# Float Switch for ATO



## BBOSS (Jan 30, 2010)

I am doing research on DIY ATO for my BioCube29 reef aquarium. I came across these float switches, they are super cheap, relative to the others switches I'v found online. Just wondering if anyone have experience with them and care to share? Thanks.

http://www.suntekstore.ca/liquid-water-level-sensor-horizontal-float-switch-down.html

and

http://www.suntekstore.ca/liquid-water-level-sensor-horizontal-float-switch-up.html


----------



## wtac (Mar 17, 2006)

I prefer Madison float switches...locally they are ~$15-20ea. To get them to work properly and not "fry" the float switch, you will need a relay switch, relay terminal and a box to enclose it. I would get 2 float switched with a double relay, etc, so that if main switch fails/gets stuck "on", the second will shut the power off to the ATO pump/solenoid valve from RO/DI water pressurized storage tank.

If you need more info, I'll get that out later as I'm on the road and surfing on the BB...blows 

This will at least gets you started and hopefullt others will chime in


----------



## wtac (Mar 17, 2006)

Here's a link for you to DIY the ATO.

Have fun


----------



## BBOSS (Jan 30, 2010)

Thanks so much for the information, Wilson.

Now I know all the parts that I will need for this DIY project. I did not understand the necessity of a relay until you pointed it out for me.

Do you have any recommendation on the supplier for all these parts locally in Canada? The shipping charge from Aquahub is over $ 36.00, almost as much as the entire kit itself.


----------



## wtac (Mar 17, 2006)

Aside from the float switch, you can get most of the parts from an electronics surplus store like Active Surplus...shouldn't cost more than $10-20. AS has lots of bits and parts in the downtown area...not sure of what's in your area.

HOLY MOLY...flipping through my past emails (last year), Process Automation (Ancaster, ON) was charging $22 with a min qty of 16pcs for Madison M8000 float switches.
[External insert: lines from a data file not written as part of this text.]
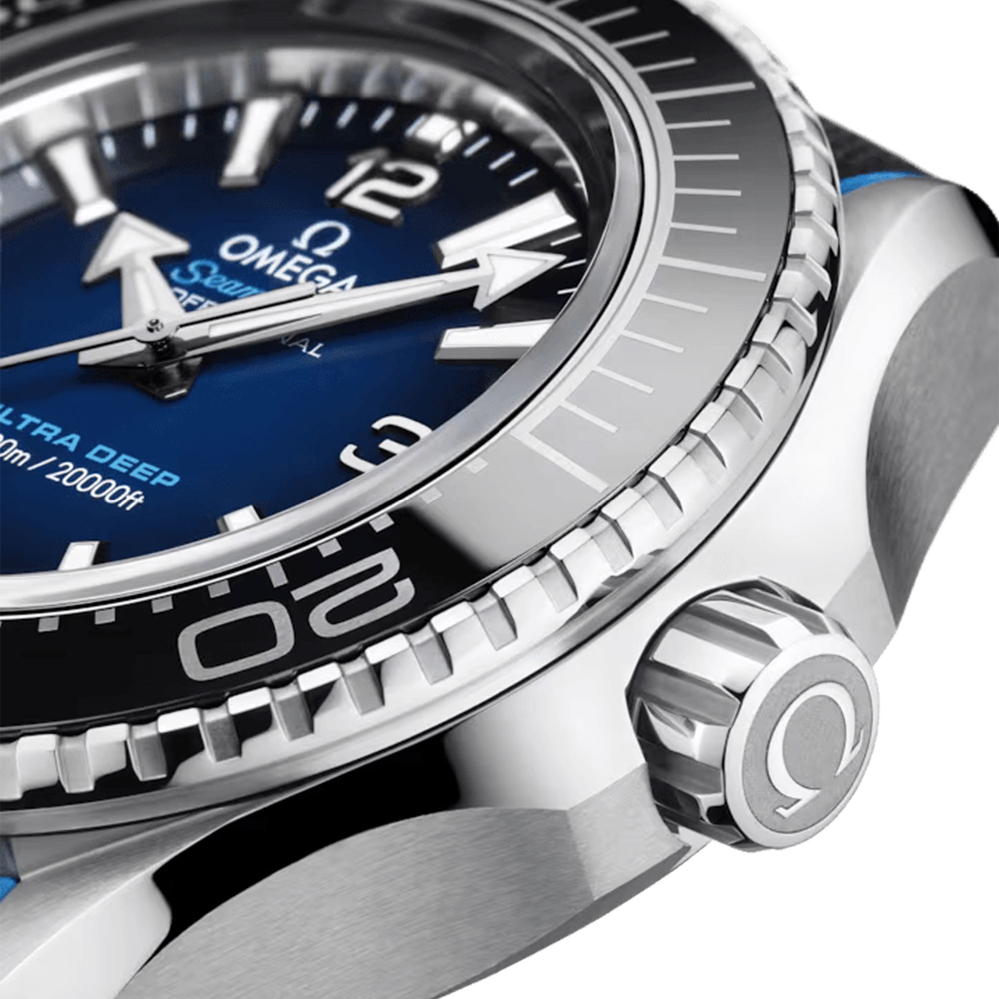 This 45.5 mm model in robust O-MEGASTEEL features a polished black ceramic bezel with its diving scale in Liquidmetalâ„¢. Through the protuberant and domed sapphire crystal, the lacquered gradient dial transitions from blue to black, and has been given 18K white gold hands and hour markers, which are all coated with white Super-LumiNova.
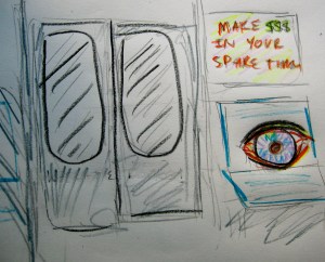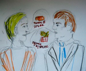 As I sat down on the new train,I wanted to tell everyone around me about the rat, but they were all tuning out (into iPods or studied disinterest), so I made myself hold in all the excitement. Only now through the end doors of the car, came a scrawny and somehow flattened middle=aged woman in a short leopard coat over jeans that showed her to be so knock-kneed that her shins looked like the prongs of a dowser’s fork.
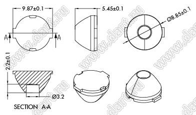 линза для светодиода; D8,85*5,45/D10,02*6,5мм; 15°; PC
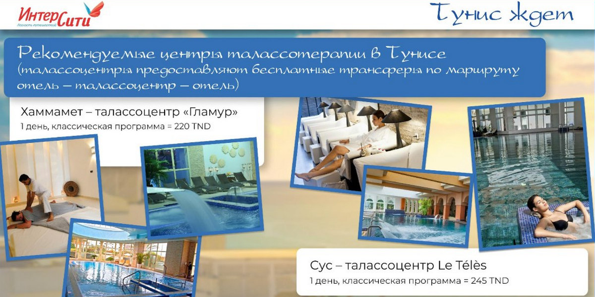 Талассотерапия – один из самых популярных тунисских брендов. Собираясь в поездку в эту страну, постарайтесь запланировать посещение местных талассоцентров, без этого поездка в Тунис, пожалуй, не будет полной.
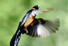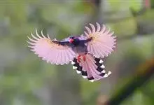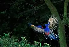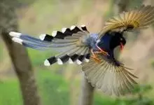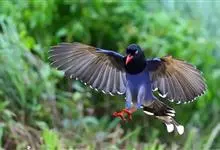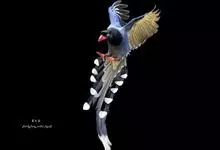 台湾蓝鹊:体长64至65厘米,翼展18至21厘米,尾长约40厘米,尾羽长占了总体长的三分之二。头、脸、颈、喉、胸都是黑色,黄色的眼珠包围黑色的瞳孔,鲜红色的鸟喙、双脚,…全部>>
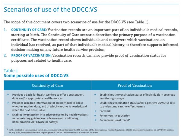 The DDCC:VS is meant for use at schools, at work, for international travel, and for contact tracing initiatives.

You can order from Grainger, but I think they are in the US...only $12.42USD. Going this route, request that they ship via USPS.


----------



## BBOSS (Jan 30, 2010)

Thanks for all the suggestions, Wilson.

I am in Richmond Hill, not far from Toronto Downtown but rearly go there because of the traffics on DVP. I remembered those stores while I was study there long time ago. I will make a trip to the electronic surplus stores in next couple weeks to find the proper relay, sucket, project box and other goodies available in those stores. I have whole bunch of AC transformers left over from all kinds of electronic gedgets, hopefully one of them is usable for this project. 

Just been told BWI plumbing uses Medison float switches for their ATO package, maybe they will sell me just the float switches? Used their RO/DI and liked it very much.

Again thank you very much and appreciated.


----------